● Records shown

▼

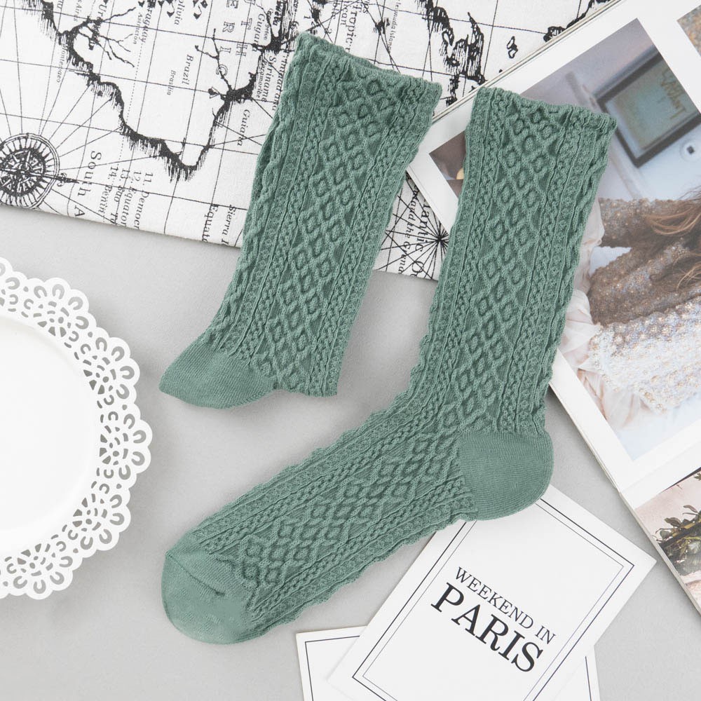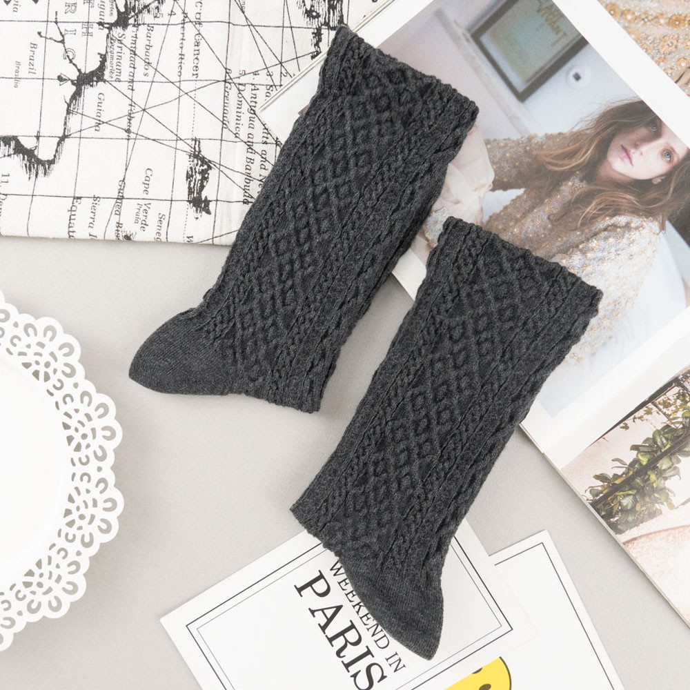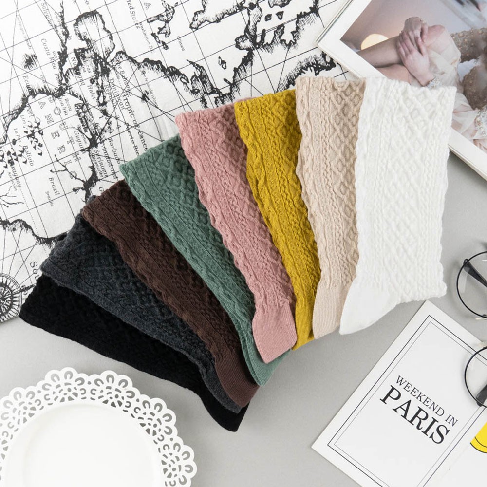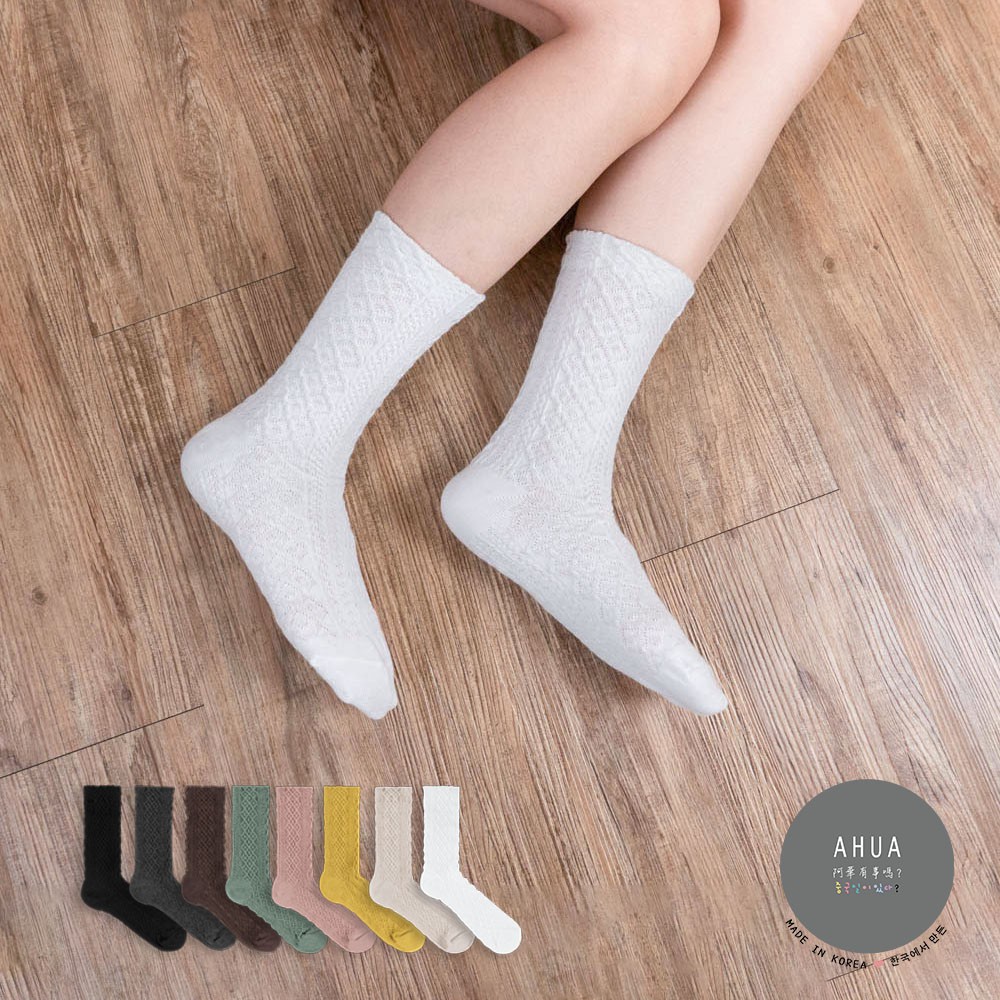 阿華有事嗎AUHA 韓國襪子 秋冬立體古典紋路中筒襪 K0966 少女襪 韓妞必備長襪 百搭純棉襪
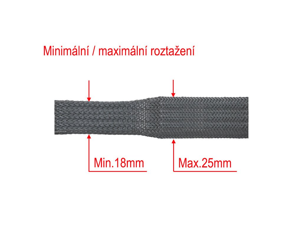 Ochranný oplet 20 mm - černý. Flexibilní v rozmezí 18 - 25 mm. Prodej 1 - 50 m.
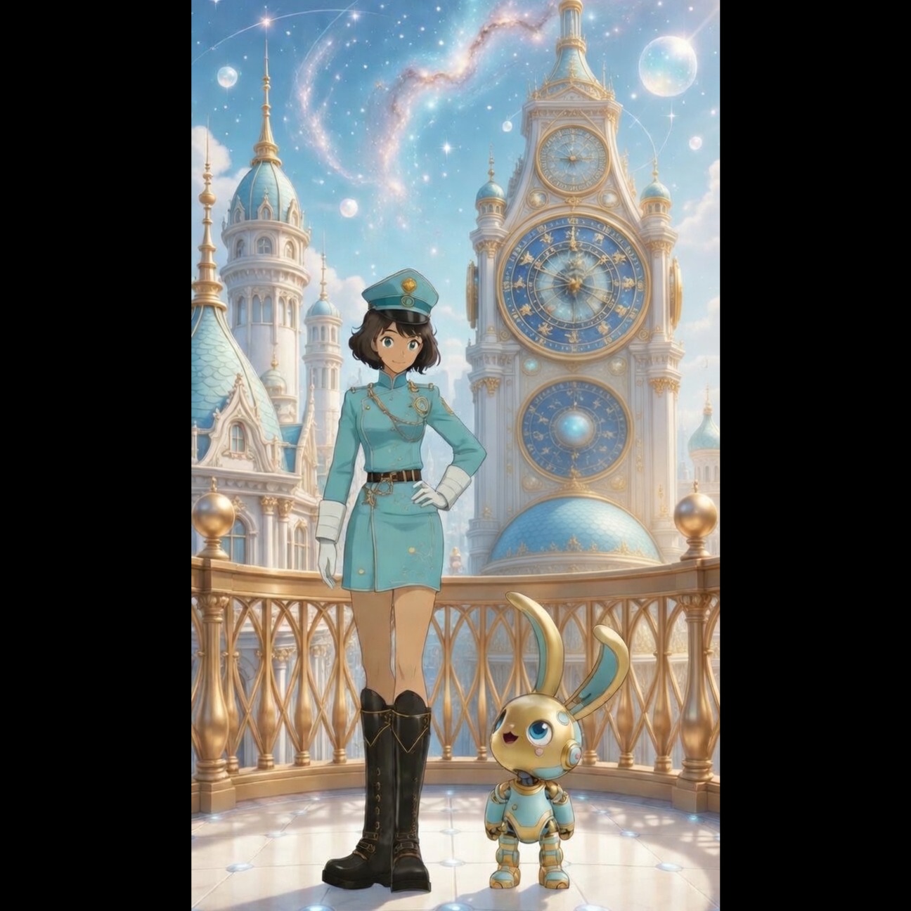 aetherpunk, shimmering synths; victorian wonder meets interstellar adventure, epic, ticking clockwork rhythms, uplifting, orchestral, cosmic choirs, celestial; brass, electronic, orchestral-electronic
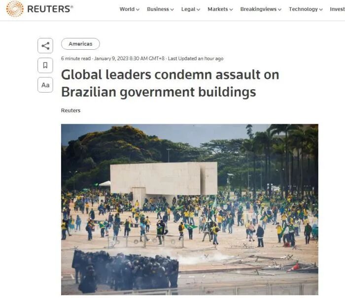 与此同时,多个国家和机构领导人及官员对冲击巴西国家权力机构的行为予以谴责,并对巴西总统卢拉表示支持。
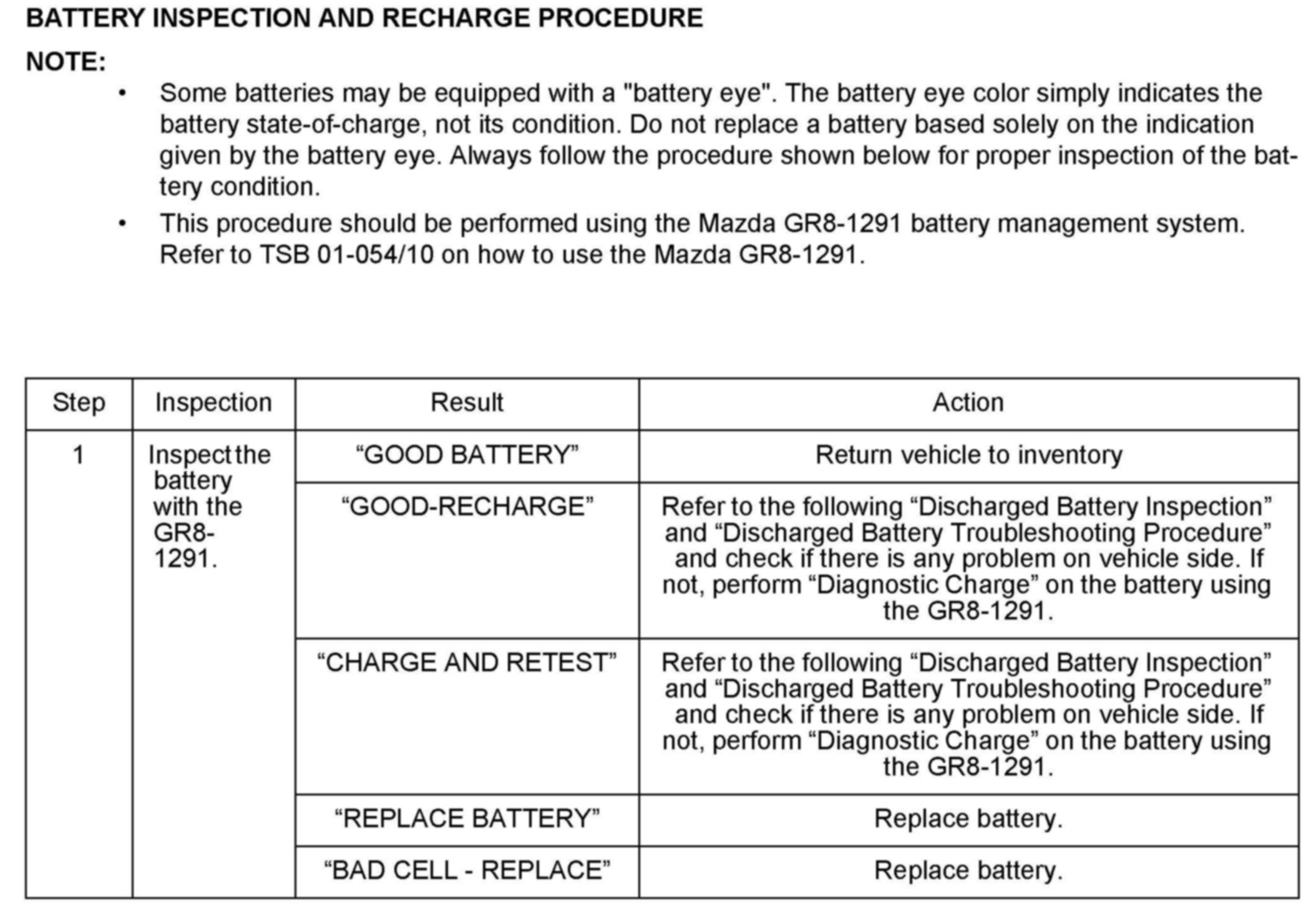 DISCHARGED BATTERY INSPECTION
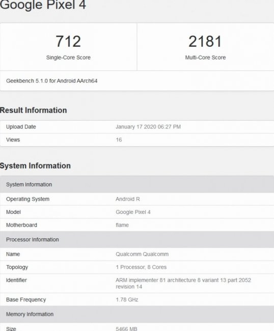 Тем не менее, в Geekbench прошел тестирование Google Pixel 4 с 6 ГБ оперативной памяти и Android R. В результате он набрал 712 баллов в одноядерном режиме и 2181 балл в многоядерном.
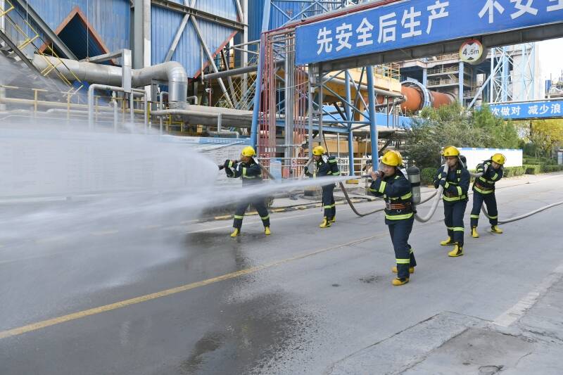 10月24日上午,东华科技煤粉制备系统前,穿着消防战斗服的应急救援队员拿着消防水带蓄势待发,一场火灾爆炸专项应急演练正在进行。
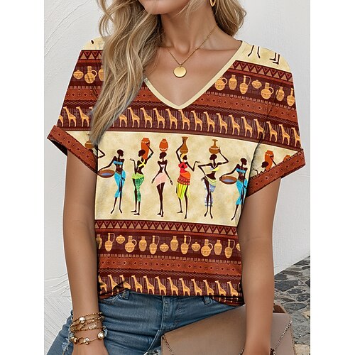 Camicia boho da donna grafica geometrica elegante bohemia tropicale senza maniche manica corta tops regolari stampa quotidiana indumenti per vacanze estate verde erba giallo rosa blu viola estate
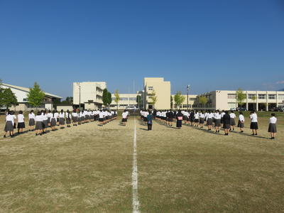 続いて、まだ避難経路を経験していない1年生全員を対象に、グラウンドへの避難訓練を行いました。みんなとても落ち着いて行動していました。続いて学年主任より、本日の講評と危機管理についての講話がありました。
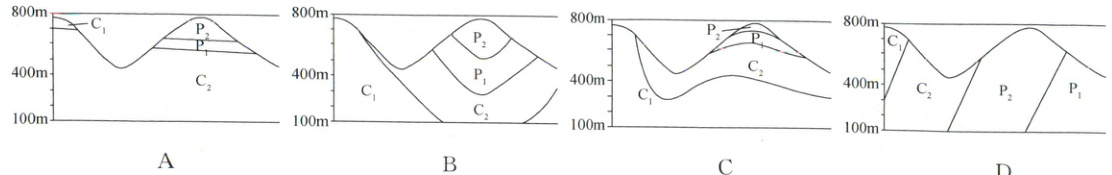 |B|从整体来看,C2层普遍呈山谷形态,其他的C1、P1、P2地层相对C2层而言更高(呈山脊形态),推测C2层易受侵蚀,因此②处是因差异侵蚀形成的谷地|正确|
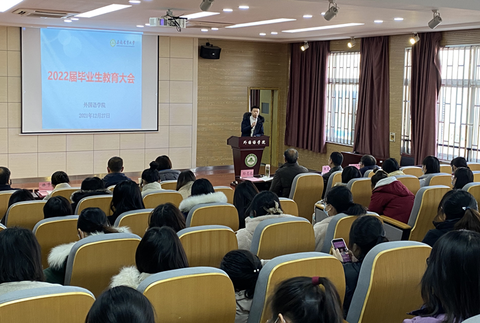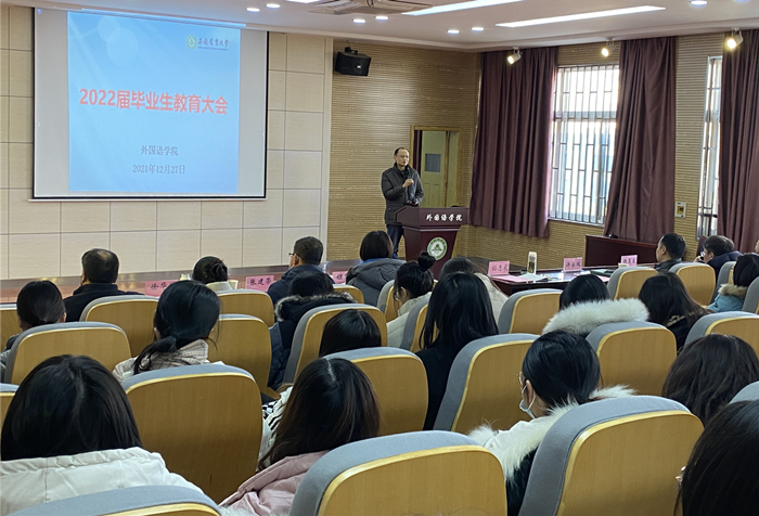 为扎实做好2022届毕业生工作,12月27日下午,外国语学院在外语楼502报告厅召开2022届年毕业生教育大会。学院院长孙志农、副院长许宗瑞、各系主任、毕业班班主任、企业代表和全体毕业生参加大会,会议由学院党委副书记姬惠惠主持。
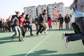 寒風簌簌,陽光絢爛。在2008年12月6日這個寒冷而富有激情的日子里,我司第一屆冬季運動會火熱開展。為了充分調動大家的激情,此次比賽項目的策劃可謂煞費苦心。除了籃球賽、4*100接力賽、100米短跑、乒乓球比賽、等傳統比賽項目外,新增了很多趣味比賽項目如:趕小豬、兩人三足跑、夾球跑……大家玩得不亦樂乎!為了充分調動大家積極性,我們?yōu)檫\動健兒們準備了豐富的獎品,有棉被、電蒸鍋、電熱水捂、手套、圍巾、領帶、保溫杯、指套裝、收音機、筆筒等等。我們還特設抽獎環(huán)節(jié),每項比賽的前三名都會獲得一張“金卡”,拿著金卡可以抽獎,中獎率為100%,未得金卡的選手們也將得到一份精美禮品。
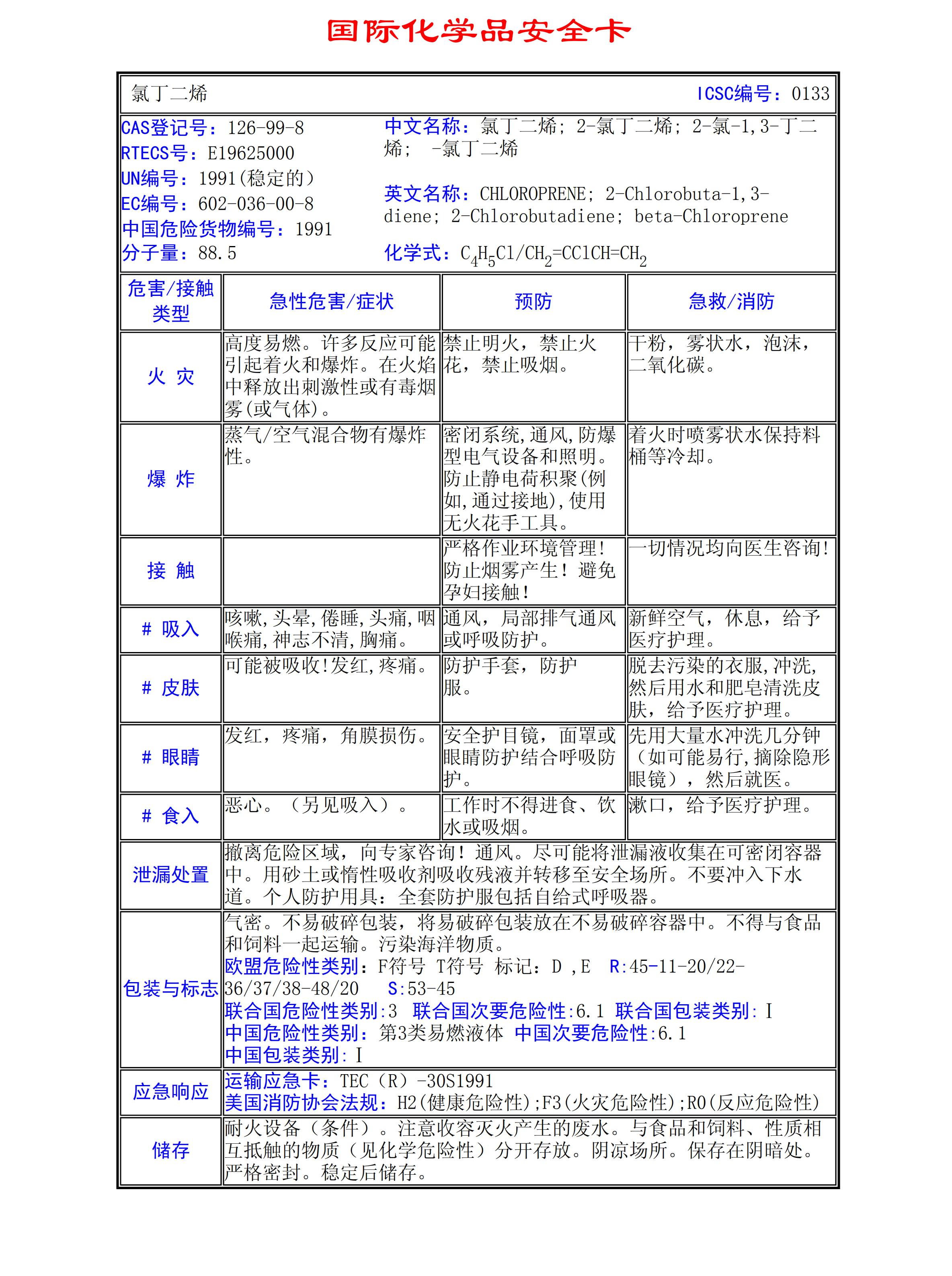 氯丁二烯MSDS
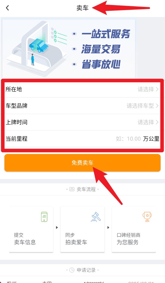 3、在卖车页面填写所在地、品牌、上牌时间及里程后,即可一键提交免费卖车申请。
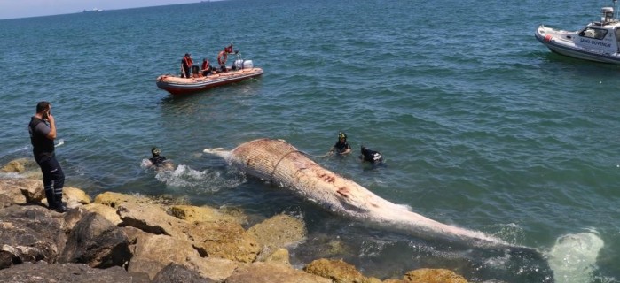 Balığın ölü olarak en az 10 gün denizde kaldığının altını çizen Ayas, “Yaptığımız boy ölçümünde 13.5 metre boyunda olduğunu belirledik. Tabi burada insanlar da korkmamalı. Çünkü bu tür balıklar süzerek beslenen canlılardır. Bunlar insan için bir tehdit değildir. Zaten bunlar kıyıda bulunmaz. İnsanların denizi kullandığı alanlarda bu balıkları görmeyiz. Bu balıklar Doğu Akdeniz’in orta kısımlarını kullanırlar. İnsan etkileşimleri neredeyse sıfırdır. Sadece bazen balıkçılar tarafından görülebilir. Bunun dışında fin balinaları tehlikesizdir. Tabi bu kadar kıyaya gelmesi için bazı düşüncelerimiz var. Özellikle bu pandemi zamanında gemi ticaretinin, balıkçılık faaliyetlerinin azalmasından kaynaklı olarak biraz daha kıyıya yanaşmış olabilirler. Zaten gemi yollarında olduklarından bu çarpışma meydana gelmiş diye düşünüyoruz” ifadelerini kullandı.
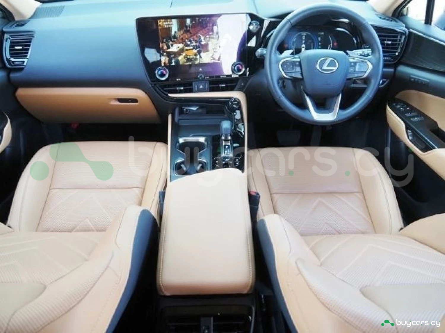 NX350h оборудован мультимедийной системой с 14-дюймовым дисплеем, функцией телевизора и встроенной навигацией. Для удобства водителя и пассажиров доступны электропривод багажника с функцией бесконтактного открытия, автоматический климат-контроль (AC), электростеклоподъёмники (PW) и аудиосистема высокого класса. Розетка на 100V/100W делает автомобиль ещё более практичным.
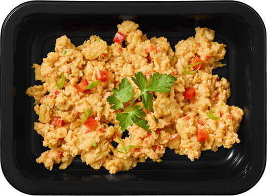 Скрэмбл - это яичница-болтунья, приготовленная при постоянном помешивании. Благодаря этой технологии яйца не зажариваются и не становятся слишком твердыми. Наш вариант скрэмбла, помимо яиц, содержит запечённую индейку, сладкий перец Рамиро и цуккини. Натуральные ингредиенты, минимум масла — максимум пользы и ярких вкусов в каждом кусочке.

▲

● Task directions
Excerpt from the records above: set down only the lines from the one that contains "aetherpunk, shimmering synths;" through the one that contains "3、在卖车页面填写所在地、品牌、上牌时间及里程后,即可一键提交免费卖车申请。", inclusive, word for word. Pictures stay out.

● Finished task
 aetherpunk, shimmering synths; victorian wonder meets interstellar adventure, epic, ticking clockwork rhythms, uplifting, orchestral, cosmic choirs, celestial; brass, electronic, orchestral-electronic
 与此同时,多个国家和机构领导人及官员对冲击巴西国家权力机构的行为予以谴责,并对巴西总统卢拉表示支持。
 DISCHARGED BATTERY INSPECTION
 Тем не менее, в Geekbench прошел тестирование Google Pixel 4 с 6 ГБ оперативной памяти и Android R. В результате он набрал 712 баллов в одноядерном режиме и 2181 балл в многоядерном.
 10月24日上午,东华科技煤粉制备系统前,穿着消防战斗服的应急救援队员拿着消防水带蓄势待发,一场火灾爆炸专项应急演练正在进行。
 Camicia boho da donna grafica geometrica elegante bohemia tropicale senza maniche manica corta tops regolari stampa quotidiana indumenti per vacanze estate verde erba giallo rosa blu viola estate
 続いて、まだ避難経路を経験していない1年生全員を対象に、グラウンドへの避難訓練を行いました。みんなとても落ち着いて行動していました。続いて学年主任より、本日の講評と危機管理についての講話がありました。
 |B|从整体来看,C2层普遍呈山谷形态,其他的C1、P1、P2地层相对C2层而言更高(呈山脊形态),推测C2层易受侵蚀,因此②处是因差异侵蚀形成的谷地|正确|
 为扎实做好2022届毕业生工作,12月27日下午,外国语学院在外语楼502报告厅召开2022届年毕业生教育大会。学院院长孙志农、副院长许宗瑞、各系主任、毕业班班主任、企业代表和全体毕业生参加大会,会议由学院党委副书记姬惠惠主持。
 寒風簌簌,陽光絢爛。在2008年12月6日這個寒冷而富有激情的日子里,我司第一屆冬季運動會火熱開展。為了充分調動大家的激情,此次比賽項目的策劃可謂煞費苦心。除了籃球賽、4*100接力賽、100米短跑、乒乓球比賽、等傳統比賽項目外,新增了很多趣味比賽項目如:趕小豬、兩人三足跑、夾球跑……大家玩得不亦樂乎!為了充分調動大家積極性,我們?yōu)檫\動健兒們準備了豐富的獎品,有棉被、電蒸鍋、電熱水捂、手套、圍巾、領帶、保溫杯、指套裝、收音機、筆筒等等。我們還特設抽獎環(huán)節(jié),每項比賽的前三名都會獲得一張“金卡”,拿著金卡可以抽獎,中獎率為100%,未得金卡的選手們也將得到一份精美禮品。
 氯丁二烯MSDS
 3、在卖车页面填写所在地、品牌、上牌时间及里程后,即可一键提交免费卖车申请。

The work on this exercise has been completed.